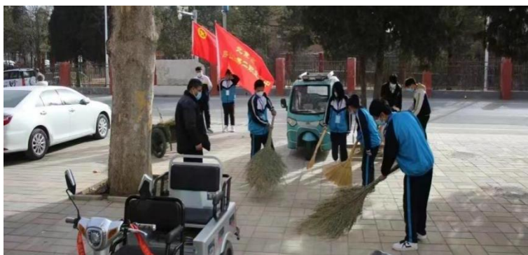
【图 1-1-2】学生参加“志愿者”活动

(3) 定期组织学生参与校内外公益实践活动（如走进社区宣传垃圾分类知识、投身志愿者服务、前往敬老院开展尊老敬老活动等），厚植社会责任感。
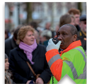
Iedereen doet mee. Als we investeren in werk voor mensen, kan iedereen bijdragen aan een sterk en gelukkig Nederland.

GroenLinks investeert in de toekomst. Goede investeringen verdienen zichzelf terug. Talloze plannen van GroenLinks bewijzen dat in de praktijk.
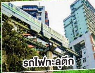
รถไฟเหาะลัดฟ้า
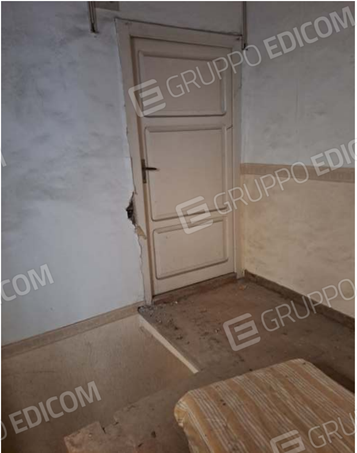
FOTO N. 3 VISTA DELLA PORTA DI ACCESSO ALLA CUCINA
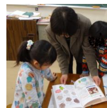
【図書資料を活用した調べ学習】

大豆を収穫した後、図書資料やインターネットを活用して世界の大豆料理を調べた。子供たちは、ふだんあまり目にしない世界地図に興味をもち、意欲的に調べ学習を行った。調べ学習を行った後、グループ毎に世界の大豆料理発表会を行った。「アメリカ・ブラジル・タイ・韓国」等の国々で食されている料理を紹介し合うことで、世界には様々な国があることを知る機会となった。
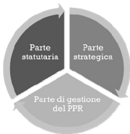
Fig. 1. La struttura tripartita del Piano Paesaggistico Regionale del Friuli-Venezia Giulia (elaborazione degli Autori).

La fase attuale di avvio di alcuni progetti sperimentali per l'adeguamento degli strumenti urbanistici locali al PPR propone nuove opportunità in termini di co-interessamento e coinvolgimento delle comunità locali, in particolare immaginando progettualità di paesaggio a scala sovracomunale, dimostrando l'importanza delle dinamiche orizzontali che pongono in dialogo territori contigui per disegnare i paesaggi del domani (Fig. 1).
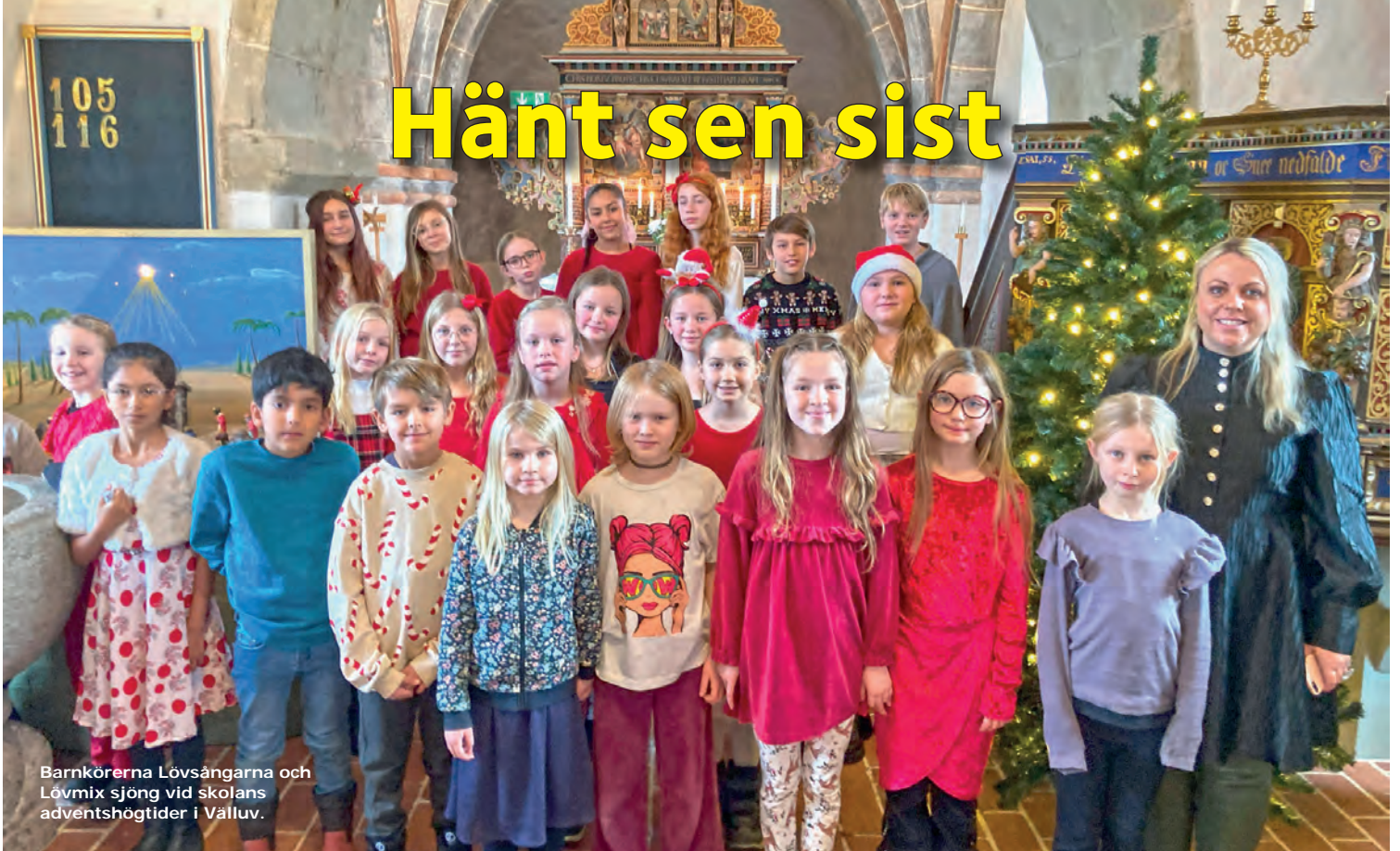
Barnkörerna Lövsångarna och Lövmix sjöng vid skolans adventshögtider i Välluv.
□ □ □ □ □ □ □
Prompt
Omitting all pictures, restate exactly the lines of the material from its start through the line that contains "Iedereen doet mee.".

Exercise answer
【图 1-1-2】学生参加“志愿者”活动

(3) 定期组织学生参与校内外公益实践活动（如走进社区宣传垃圾分类知识、投身志愿者服务、前往敬老院开展尊老敬老活动等），厚植社会责任感。
Iedereen doet mee. Als we investeren in werk voor mensen, kan iedereen bijdragen aan een sterk en gelukkig Nederland.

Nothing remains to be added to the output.